Mariano Carvajal y Valeria González, representantes argentinos en Breaking, cuentan cómo llegaron a esta disciplina y cómo viven la previa a los Juegos Olímpicos de la Juventud. Además, explican en qué consiste este nuevo deporte que hará su debut, y en qué consisten sus reglas.

Por Sol Ruiz

El Breaking es un estilo de baile urbano que se originó a mediados de 1970 en Estados Unidos. Los primeros innovadores de esta disciplina fueron los jóvenes afroamericanos y los puertorriqueños.

En los próximos Juegos Olímpicos de la Juventud que se realizarán en Buenos Aires, este deporte hará su debut con la intención de acercar más jóvenes a esta práctica, y donde muchos bailarines y aficionados, lo seguirán fecha a fecha.

La disciplina se va a disputar en el Parque Urbano, ubicado en Puerto Madero. Uno de los representantes argentinos es Mariano Carvajal, oriundo de Río Negro, quien tiene esta pasión desde los 4 años, y siguió con esta práctica sólo por pasatiempo hasta los 9. Ahí fue cuando se dio cuenta que no podía pasar tiempo sin estar bailando.

Se denomina b-boy, b-girl o breaker a quienes lo practican. La “B” proviene del término breakboy/breakgirl, dado que el bailarín bailaba los “breaks” o roturas de una canción provista por el DJ. Carvajal dijo: “Bailar siempre fue algo indispensable en mi vida, lo que me hacía destacar de los demás”.

La competencia va a consistir en batallas entre dos participantes o equipos mixtos. Cada una va a tener un número fijo de rondas, en la que en cada participante baila primero y luego el otro responde. En el breakdance hay mucha improvisación y cada bailarín puede crear un set o rutina de pasos para ir mezclando, aunque casi no se hace ya que hay que seguir el ritmo de la música, la cual no conocen hasta el momento de su presentación, lo que provoca que el baile sea más improvisado.

Cada ronda va a ser juzgada por cinco jueces más dos árbitros siguiendo seis criterios: creatividad, personalidad, técnica, variedad, actuación y musicalidad. “El objetivo es ganar por lo menos una medalla, aunque sea de bronce, no importa. Me creo importante y estoy confiado en que voy a ganar una medalla”, expresó Carvajal.

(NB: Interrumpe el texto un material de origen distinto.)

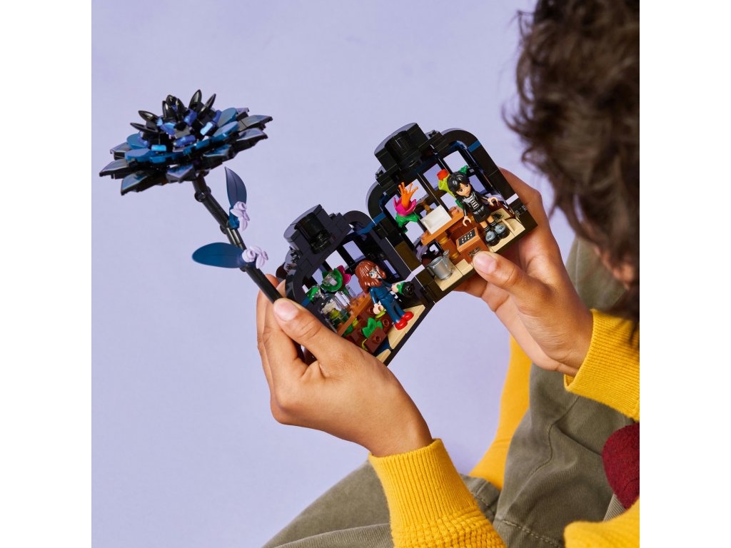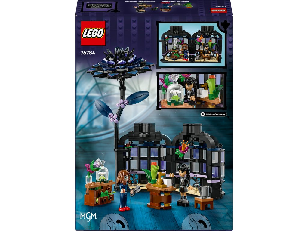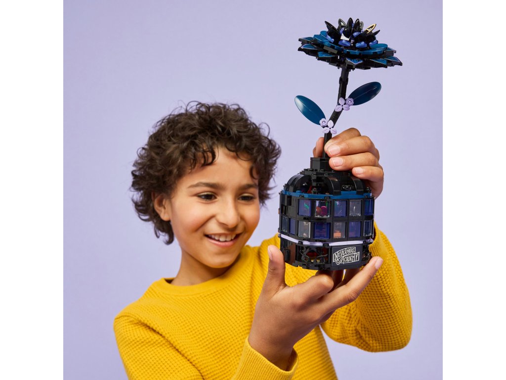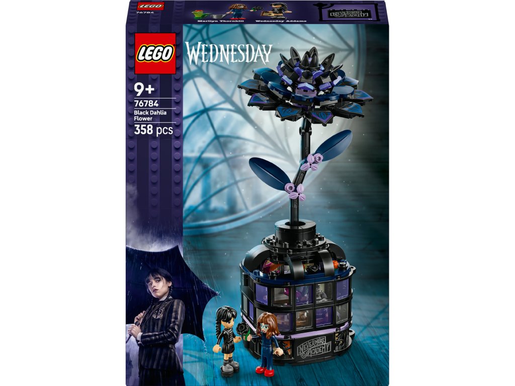 Stavebnice LEGO® Wednesday (76784) Černá jiřina představuje elegantní výstavní kousek pro milovníky botaniky a designu od 9 let. Tato bytová dekorace obsahuje černou jiřinu s listy a světle fialovými pupeny a vázu, která připomíná miniaturní zimní zahradu. Po sestavení můžou děti odejmout květ jiřiny, odemknout vázu a odhalit učebnu uvnitř, ve které najdou odnímatelné lavice, stoličku a další doplňky pro vyprávění příběhů. Součástí stavebnice jsou také minipanenky Wednesday Addamsové a profesorky Marilyn Thornhillové na hraní na postavy.

En los Juegos Olímpicos de la Juventud, esta disciplina va a contar con 12 hombres y 12 mujeres. Valeria González, oriunda de Tunuyán, también representante argentina de break dance en los Juego Olímpicos de la Juventud, comenzó en este deporte a los 14 años, entrenando en el salón municipal del barrio Los Cóndores. “Mi familia me ayudó en todo, mi mamá me despejó el camino para que yo me concentre únicamente en entrenar y no tener que hacer otra cosa”, contó González.

En las pruebas de equipo mixto, cada equipo va a estar compuesto por una pareja, según la clasificación final de las batallas de uno contra uno. “Ya lo tomo como un trabajo por la forma en la que me preparo para los Juegos Olímpicos: yendo al nutricionista, entrenando físicamente y bailando todos los días”, dijo Carvajal.

El breakdance se caracteriza por requerir de una compleja destreza al combinar la fuerza, el equilibrio y el ritmo en un solo deporte. “Nuestra danza es muy atlética. No podes hacerlo si no estás en excelentes condiciones, tenes que entrenar como un atleta. Creo que es muy bueno que esté en las Olimpiadas. Es una danza que viene de culturas”, expresó Carvajal.

Por su parte, Valeria, que clasificó a los Juegos Olímpicos de la Juventud quedando entre las 12 mejores del mundo contó: “Hoy sé que soy capaz de lograr absolutamente todo, para mí hoy dejó de existir el ‘no puedo’”.

El rionegrino, además, agregó: “Todos creen que por los Juegos Olímpicos de la Juventud me puse a bailar mucho más que antes, y puede que tengan razón, pero de todas maneras nunca dejaría de bailar”.